▸ Exercise description: Return the lines of the data below, from the one containing "4 月 9 日到 17" through the very last, exactly and with both ends included; no pictures.

▸ Data excerpts:
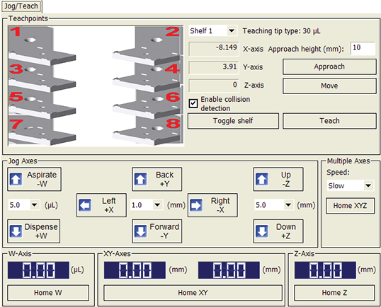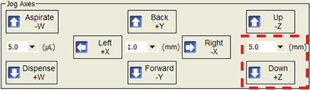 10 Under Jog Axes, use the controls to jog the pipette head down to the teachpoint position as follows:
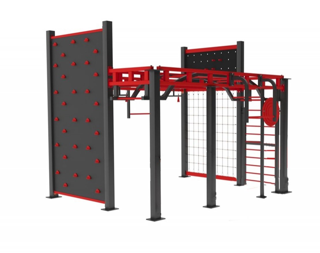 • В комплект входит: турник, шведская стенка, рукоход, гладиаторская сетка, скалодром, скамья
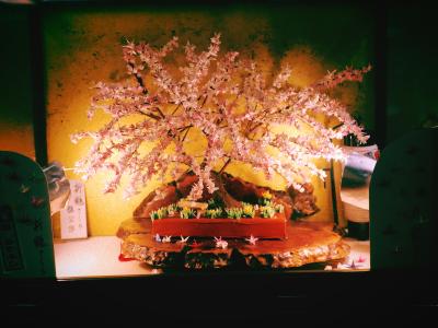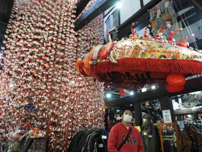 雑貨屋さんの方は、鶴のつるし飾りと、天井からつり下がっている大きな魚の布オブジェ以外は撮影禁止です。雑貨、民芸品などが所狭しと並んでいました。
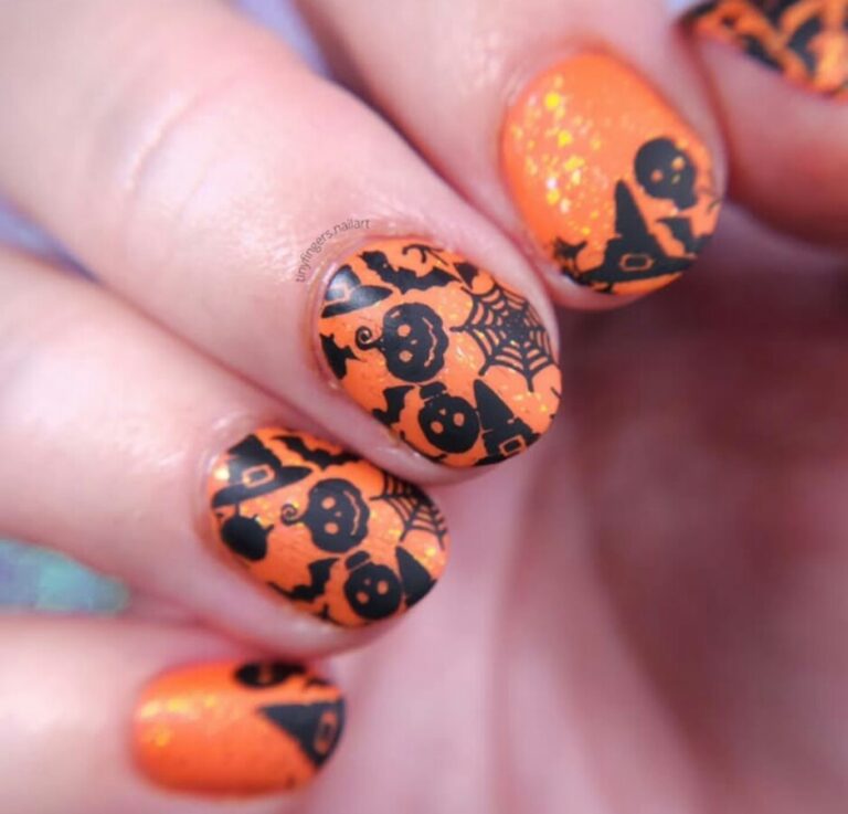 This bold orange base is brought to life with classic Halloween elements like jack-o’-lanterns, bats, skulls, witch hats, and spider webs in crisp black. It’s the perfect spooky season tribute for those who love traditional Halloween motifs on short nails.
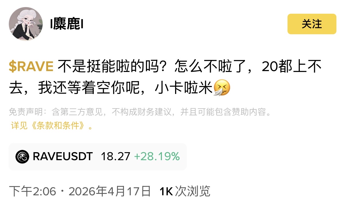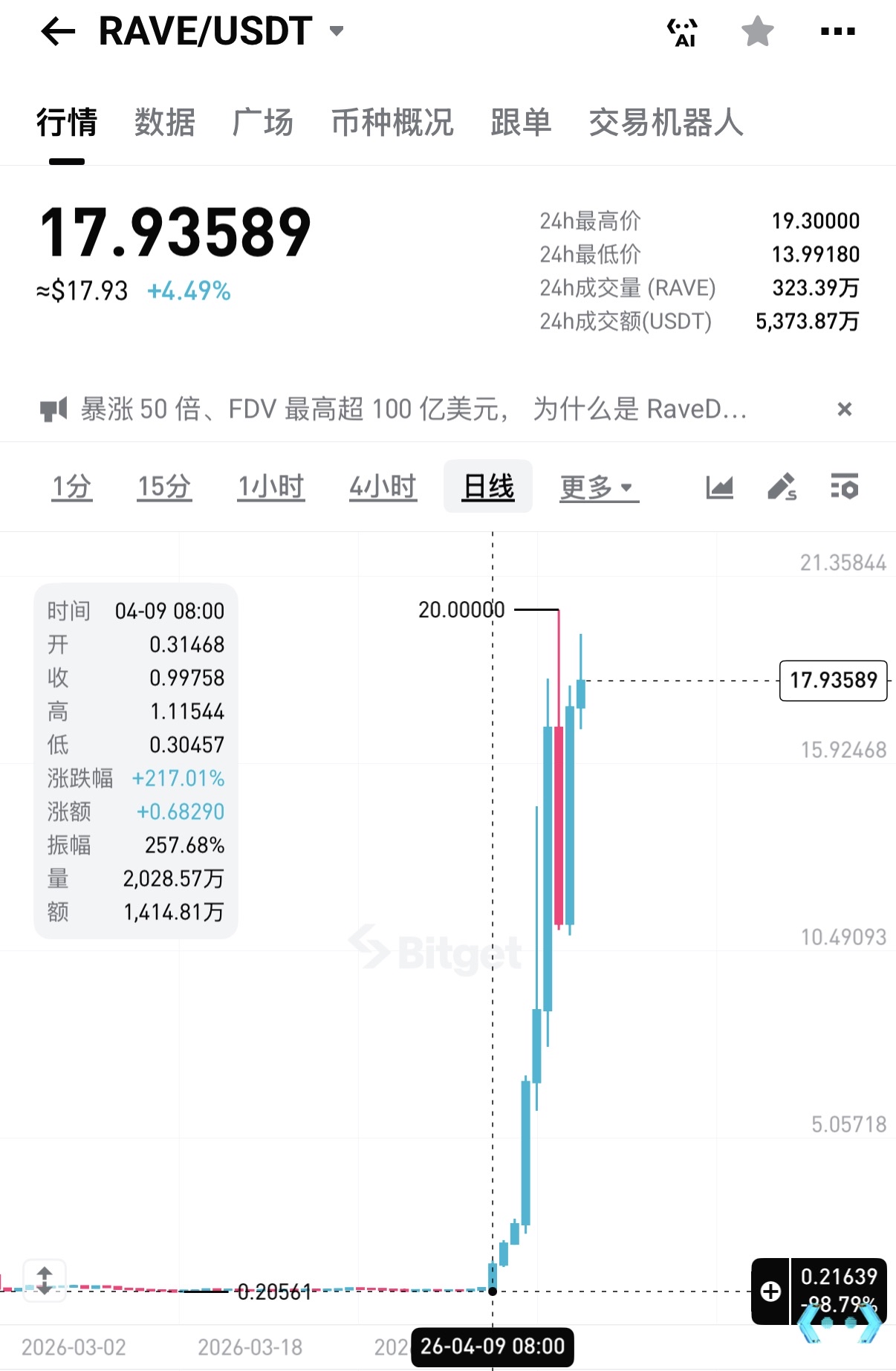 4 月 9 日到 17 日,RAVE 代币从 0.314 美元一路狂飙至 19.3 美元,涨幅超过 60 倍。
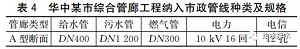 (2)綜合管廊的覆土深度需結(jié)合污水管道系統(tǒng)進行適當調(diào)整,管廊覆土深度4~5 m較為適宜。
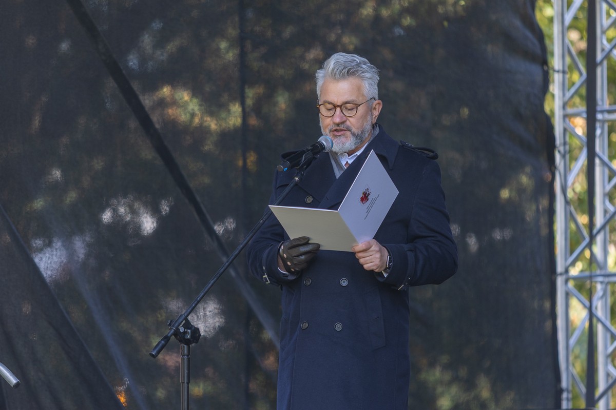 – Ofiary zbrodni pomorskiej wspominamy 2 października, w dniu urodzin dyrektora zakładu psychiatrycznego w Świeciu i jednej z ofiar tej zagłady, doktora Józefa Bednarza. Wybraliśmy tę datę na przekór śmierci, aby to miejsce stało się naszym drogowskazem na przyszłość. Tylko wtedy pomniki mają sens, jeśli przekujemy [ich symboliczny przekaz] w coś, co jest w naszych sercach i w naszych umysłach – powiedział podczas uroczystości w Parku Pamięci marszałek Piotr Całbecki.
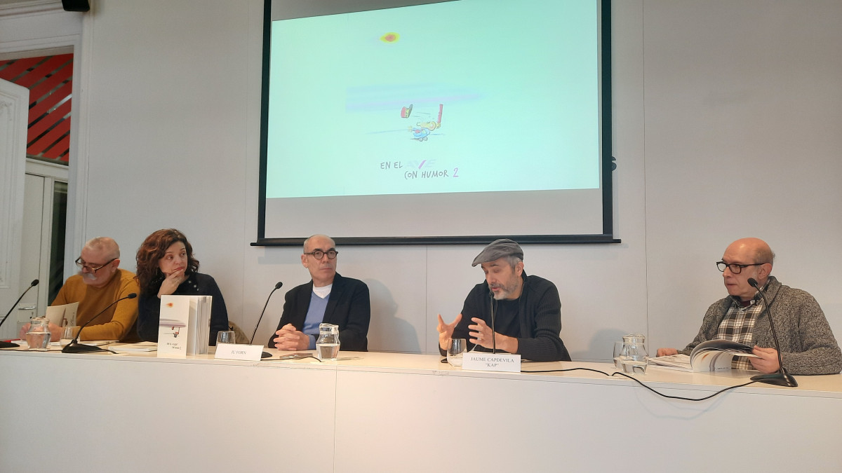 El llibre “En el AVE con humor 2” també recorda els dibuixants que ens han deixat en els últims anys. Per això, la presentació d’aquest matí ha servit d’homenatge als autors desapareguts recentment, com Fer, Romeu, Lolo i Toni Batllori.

▸ Written answer:
 4 月 9 日到 17 日,RAVE 代币从 0.314 美元一路狂飙至 19.3 美元,涨幅超过 60 倍。
 (2)綜合管廊的覆土深度需結(jié)合污水管道系統(tǒng)進行適當調(diào)整,管廊覆土深度4~5 m較為適宜。
 – Ofiary zbrodni pomorskiej wspominamy 2 października, w dniu urodzin dyrektora zakładu psychiatrycznego w Świeciu i jednej z ofiar tej zagłady, doktora Józefa Bednarza. Wybraliśmy tę datę na przekór śmierci, aby to miejsce stało się naszym drogowskazem na przyszłość. Tylko wtedy pomniki mają sens, jeśli przekujemy [ich symboliczny przekaz] w coś, co jest w naszych sercach i w naszych umysłach – powiedział podczas uroczystości w Parku Pamięci marszałek Piotr Całbecki.
 El llibre “En el AVE con humor 2” també recorda els dibuixants que ens han deixat en els últims anys. Per això, la presentació d’aquest matí ha servit d’homenatge als autors desapareguts recentment, com Fer, Romeu, Lolo i Toni Batllori.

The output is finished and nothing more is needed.